With the help of software engineer and independent AI researcher Simon Willison (who also wrote about this week’s hectic LLM launches on his own blog), we’ll briefly cover each of the three major events in roughly chronological order, then dig into some additional AI happenings this week.

Gemini Pro 1.5 general release

On Tuesday morning Pacific time, Google announced that its Gemini 1.5 Pro model (which we first covered in February) is now available in 180-plus countries, excluding Europe, via the Gemini API in a public preview. This is Google’s most powerful public LLM so far, and it’s available in a free tier that permits up to 50 requests a day.

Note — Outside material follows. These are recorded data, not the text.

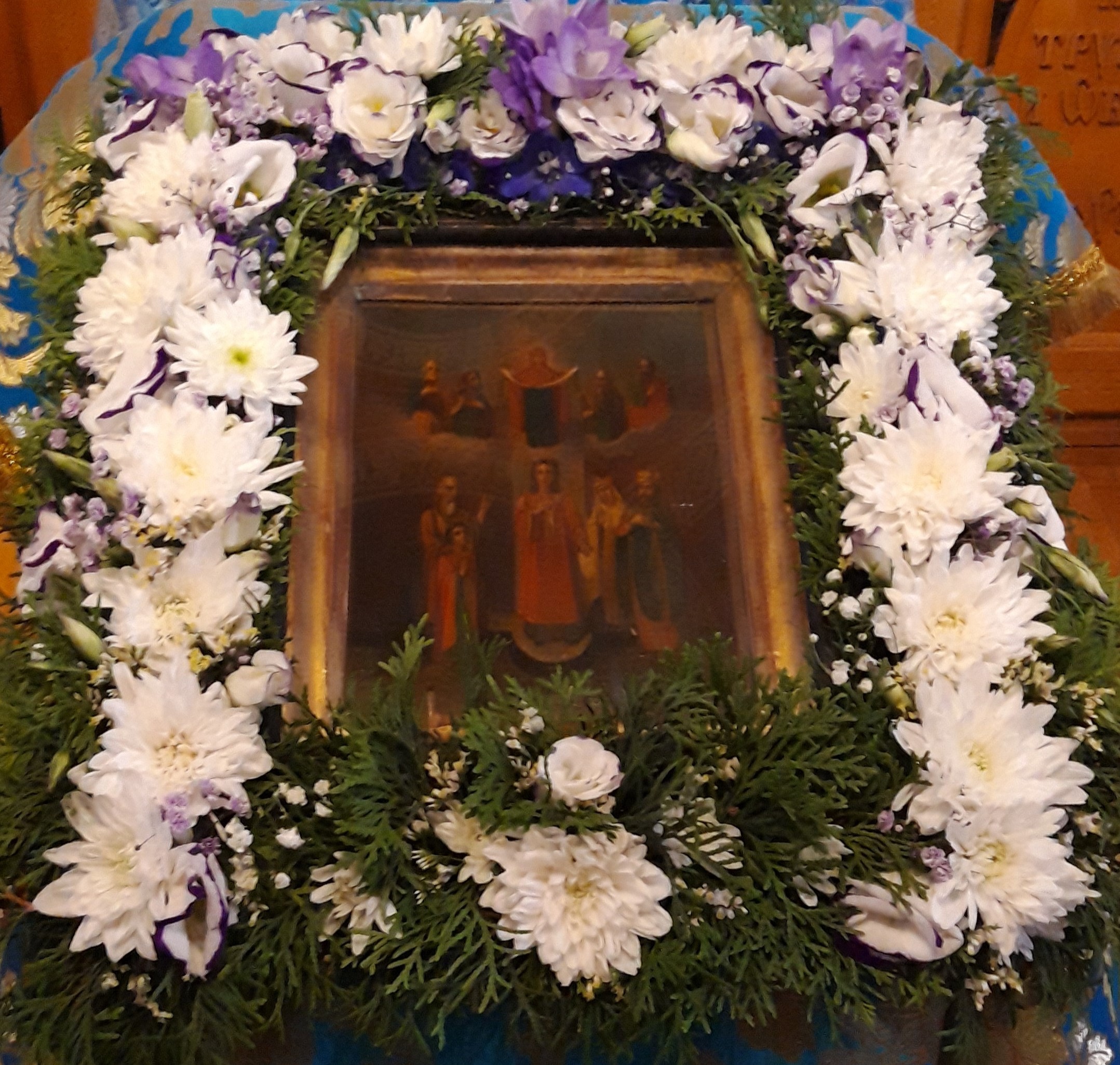Святые Андрей и Епифаний, удостоившиеся созерцать молящуюся Богоматерь, «долгое время смотрели на распростертое над народом покрывало и на блиставшую наподобие молнии славу Господню; доколе была там Пресвятая Богородица, видимо было и покрывало; по отшествии же Ее, сделалось и оно невидимым, но, взяв его с Собою, Она оставила благодать, бывшую там». Во Влахернской церкви сохранилась память о дивном явлении Богоматери. В XIV веке русский паломник дьяк Александр видел в церкви икону молящейся за мир Пресвятой Богородицы, написанную так, как Ее созерцал святой Андрей. Но Греческая Церковь не знает этого праздника.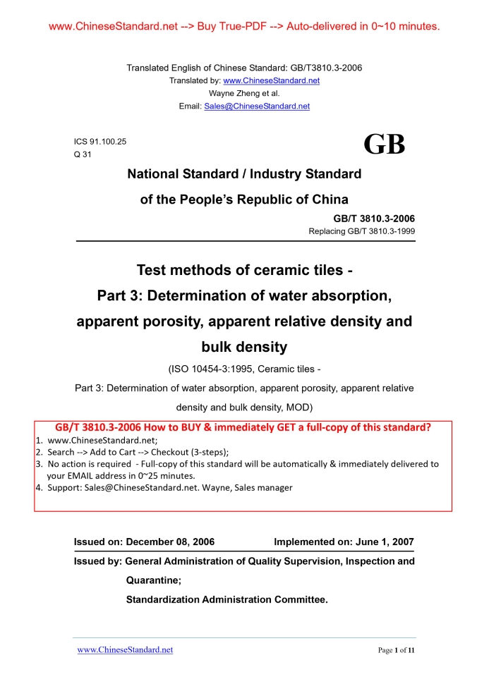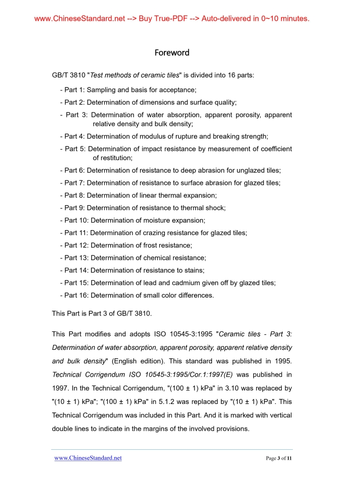 Similar standardsGB/T 3810.3-2006: Test methods of ceramic tiles -- Part 3: Determination of water absorption, apparent porosity, apparent relative density and bulk density---This is an excerpt. Full copy of true-PDF in English version (including equations, symbols, images, flow-chart, tables, and figures etc.), auto-downloaded/delivered in 9 seconds, can be purchased online: https://www.ChineseStandard.net/PDF.aspx/GBT3810.3-2006 ICS 91.100.25 Q 31 National Standard / Industry Standard of the People’s Republic of China Replacing GB/T 3810.3-1999 Test methods of ceramic tiles - Part 3.Determination of water absorption, apparent porosity, apparent relative density and bulk density (ISO 10454-3.1995, Ceramic tiles - Part 3.Determination of water absorption, apparent porosity, apparent relative density and bulk density, MOD) Issued on: DECEMBER 08, 2006 Implemented on: JUNE 1, 2007 Issued by. General Administration of Quality Supervision, Inspection and Quarantine; Standardization Administration Committee. GB Table of Contents1 Scope... 6 2 Principle... 6 3 Instruments... 6 4 Samples... 7 5 Steps... 8 6 Results expression... 9 7 Test reports... 11ForewordGB/T 3810 "Test methods of ceramic tiles" is divided into 16 parts. - Part 1.Sampling and basis for acceptance; - Part 2.Determination of dimensions and surface quality; - Part 3.Determination of water absorption, apparent porosity, apparent relative density and bulk density; - Part 4.Determination of modulus of rupture and breaking strength; - Part 5.Determination of impact resistance by measurement of coefficient of restitution; - Part 6.Determination of resistance to deep abrasion for unglazed tiles; - Part 7.Determination of resistance to surface abrasion for glazed tiles; - Part 8.Determination of linear thermal expansion; - Part 9.Determination of resistance to thermal shock; - Part 10.Determination of moisture expansion; - Part 11.Determination of crazing resistance for glazed tiles; - Part 12.Determination of frost resistance; - Part 13.Determination of chemical resistance; - Part 14.Determination of resistance to stains; - Part 15.Determination of lead and cadmium given off by glazed tiles; - Part 16.Determination of small color differences. This Part is Part 3 of GB/T 3810. This Part modifies and adopts ISO 10545-3.1995 "Ceramic tiles - Part 3. Determination of water absorption, apparent porosity, apparent relative density and bulk density" (English edition). This standard was published in 1995. Technical Corrigendum ISO 10545-3.1995/Cor.1.1997(E) was published in 1997.In the Technical Corrigendum, "(100 ± 1) kPa" in 3.10 was replaced by "(10 ± 1) kPa"; "(100 ± 1) kPa" in 5.1.2 was replaced by "(10 ± 1) kPa". This Technical Corrigendum was included in this Part. And it is marked with vertical double lines to indicate in the margins of the involved provisions. This Part was re-drafted according to ISO 10545-3.1995.For better adaptation to China's national conditions, this Part has modified ISO 10545-3.1995 when adopting. Main differences between this Part and ISO 10545-3.1995 are as follows. - ADD the sample requirements to large-sized tiles of which the length is longer than 400 mm. - For ease of use, the following editorial changes of this Part were made. a) "This part of ISO 10545" was revised to "This part of GB/T 3810"; b) DELETE the foreword of international standard. This Part replaces GB/T 3810.3-1999 "Determination methods of ceramic tiles - Part 3.Water absorption, apparent porosity, apparent relative density and bulk density." Compared with GB/T 3810.3-1999, main changes of this Part are as follows. - REVISE "HANG the dry ceramic tiles in the water after absorbing enough water. It is used in the calculation of the relationship among parameters of dry mass, mass after saturating, and suspended mass" in 2 [Translator. Chapter 2] to "PLACE the dry tiles in the water to absorb the water till saturation. USE the tile’s dry mass, the mass after absorbing the water till saturation, and the mass in the water TO calculate relevant characteristic parameters"; - REVISE "... vacuum box and the vacuum system. And it can reach a vacuum degree of 100kPa ± 1kPa..." in 3.10 [Translator. Section 3.10] to "... the vacuum systems of which the vacuum containers and vacuum-pumping can reach 10kPa ± 1kPa and maintain for 30 min"; - REVISE "When the side length of tiles is longer than 200 mm, calculate..." in 4.4 to "When the side length of tiles is longer than 200 mm and less than 400 mm, calculate... When the side length of tiles is longer than 400 mm, then at the middle of at least 3 whole tiles, CUT 5 pieces of samples of which the minimum side length is 100 mm; - REVISE "100kPa ± 1kPa" in 5.1.2 to "10kPa ± 1kPa"; - REVISE "The average value of each test performance’s results" in 7 d) to "The average value of each performance test’s results." This Part was proposed by China Building Material Federation. This Part shall be administrated by National Standardization Technical Committee of Building Sanitary Ceramics. Organization responsible for the drafting of this Part. Xianyang Ceramics Research and Design Institute. Organizations participated in the drafting of this Part. Foshan Shiwan Eagle Ceramics Co., Ltd., Guangdong Monalisa Ceramics (Group) Co., Ltd., Foshan Xinghui Ceramics Co., Ltd., and Hangzhou Nobel Group Co., Ltd. Main drafters of this Part. Liu Youhong, Bai Zhanying, Zhong Yingzhou, Zhang Qikang, Chen Hongzai, and Li Ying. The previous versions replaced by this Part are. - GB 2579-1981, GB 2579-1989; - GB/T 3810.3-1999. Test methods of ceramic tiles - Part 3.Determination of water absorption, apparent porosity, apparent relative density and bulk density1 ScopeThis Part of GB/T 3810 specifies the determination methods of ceramic tiles’ water absorption, apparent porosity, apparent relative density, and bulk density. For open pores of the samples to inhale saturated water, there are 2 methods. Soaking under boil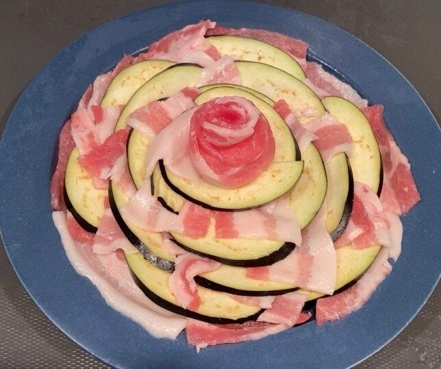 2)豚バラ肉と茄子をお皿に並べ、500wで3分前後チンします。(加熱時間は様子を見ながら調整して下さい)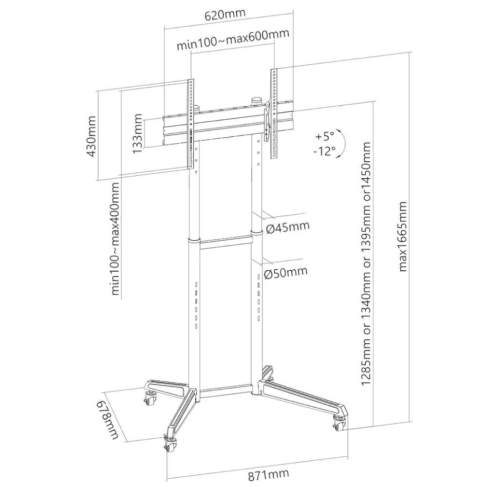 Neomounts by Newstar FL50-540BL1 е подвижна стойка, подходяща за телевизори, монитори, публични и тъч дисплеи с плосък екран до 70", с максимално тегло до 50 кг. и VESA от 100x100 до 600x400 мм. FL50-540BL1 е мобилна подова стойка, оборудвана с четири стабилни колелца, две от които се заключват, за да предотвратят нежелано преместване. Стойката е изработена от прахово боядисана в черен цвят стомана, стабилна и надеждна. Височината може да се регулира от 128.5 до 145 cm на четири стъпки. В допълнение TV стойката предлага наклон от +5° до -12° за постигане на оптимален ъгъл на гледане без отблясъци, а интелигентна система скрива и насочва кабелите, така че всичко да бъде подредено.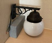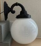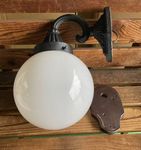 商品番号bs4301新入荷! 乳白ガラス丸玉電笠付き外灯 サイズ 全体横51㎝ (笠直径20×口径10㎝)

It supports up to 1 million tokens of input context. As Willison notes in his blog, Gemini 1.5 Pro’s API price at $7/million input tokens and $21/million output tokens costs a little less than GPT-4 Turbo (priced at $10/million in and $30/million out) and more than Claude 3 Sonnet (Anthropic’s mid-tier LLM, priced at $3/million in and $15/million out).

Notably, Gemini 1.5 Pro includes native audio (speech) input processing that allows users to upload audio or video prompts, a new File API for handling files, the ability to add custom system instructions (system prompts) for guiding model responses, and a JSON mode for structured data extraction.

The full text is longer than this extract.